Work required | Without any images, write the data out exactly as it appears.

Dataset content |
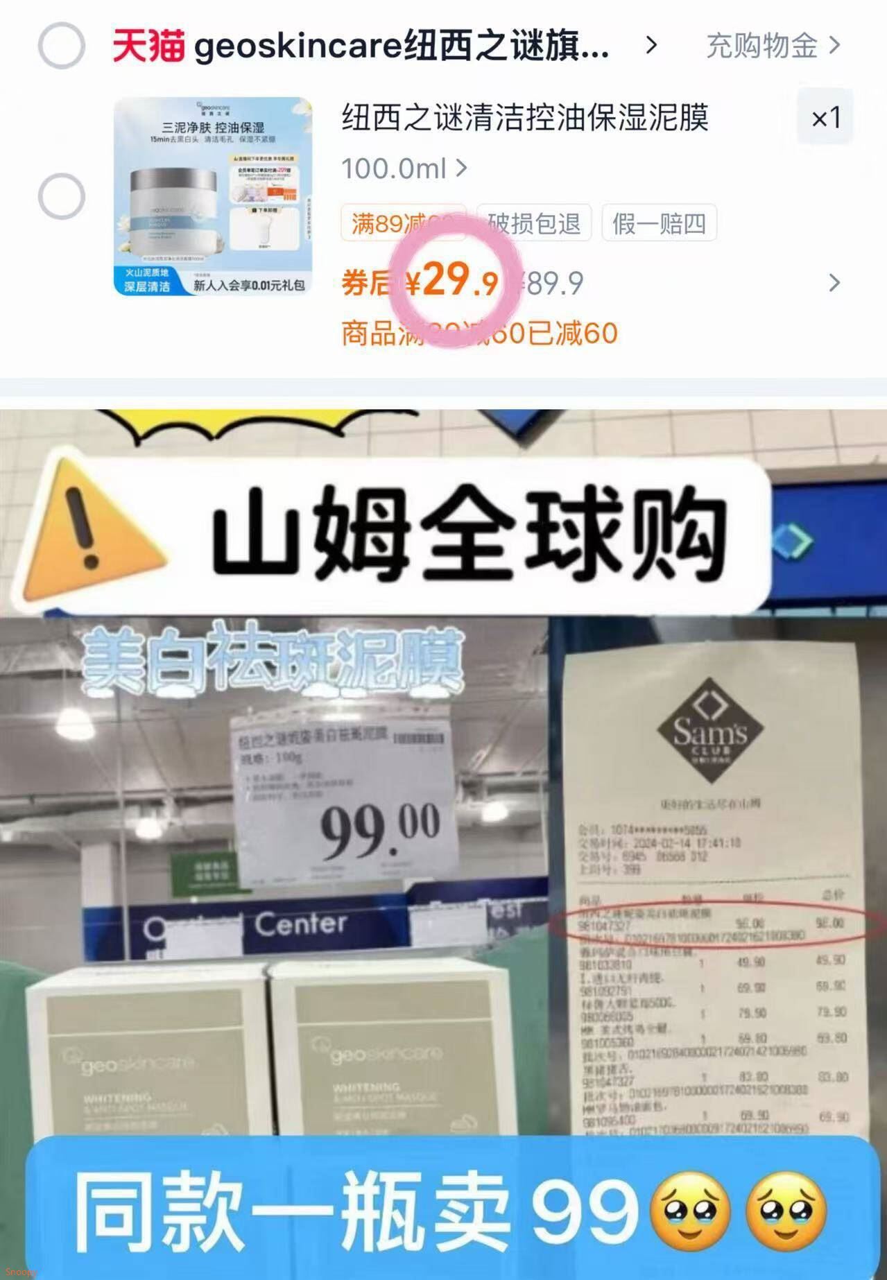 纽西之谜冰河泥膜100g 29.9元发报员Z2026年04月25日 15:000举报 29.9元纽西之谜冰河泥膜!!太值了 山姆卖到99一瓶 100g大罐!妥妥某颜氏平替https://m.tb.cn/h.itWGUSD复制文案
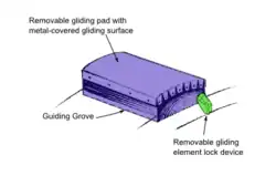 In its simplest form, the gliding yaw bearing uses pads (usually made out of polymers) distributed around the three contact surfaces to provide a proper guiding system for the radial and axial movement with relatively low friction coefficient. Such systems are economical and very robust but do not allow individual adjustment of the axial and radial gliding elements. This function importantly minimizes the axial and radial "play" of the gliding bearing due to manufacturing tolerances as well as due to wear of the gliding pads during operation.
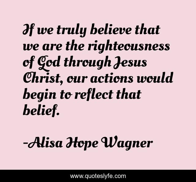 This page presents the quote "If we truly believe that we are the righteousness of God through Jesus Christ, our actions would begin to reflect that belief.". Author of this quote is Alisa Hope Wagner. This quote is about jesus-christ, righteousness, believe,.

Response |
 纽西之谜冰河泥膜100g 29.9元发报员Z2026年04月25日 15:000举报 29.9元纽西之谜冰河泥膜!!太值了 山姆卖到99一瓶 100g大罐!妥妥某颜氏平替https://m.tb.cn/h.itWGUSD复制文案
 In its simplest form, the gliding yaw bearing uses pads (usually made out of polymers) distributed around the three contact surfaces to provide a proper guiding system for the radial and axial movement with relatively low friction coefficient. Such systems are economical and very robust but do not allow individual adjustment of the axial and radial gliding elements. This function importantly minimizes the axial and radial "play" of the gliding bearing due to manufacturing tolerances as well as due to wear of the gliding pads during operation.
 This page presents the quote "If we truly believe that we are the righteousness of God through Jesus Christ, our actions would begin to reflect that belief.". Author of this quote is Alisa Hope Wagner. This quote is about jesus-christ, righteousness, believe,.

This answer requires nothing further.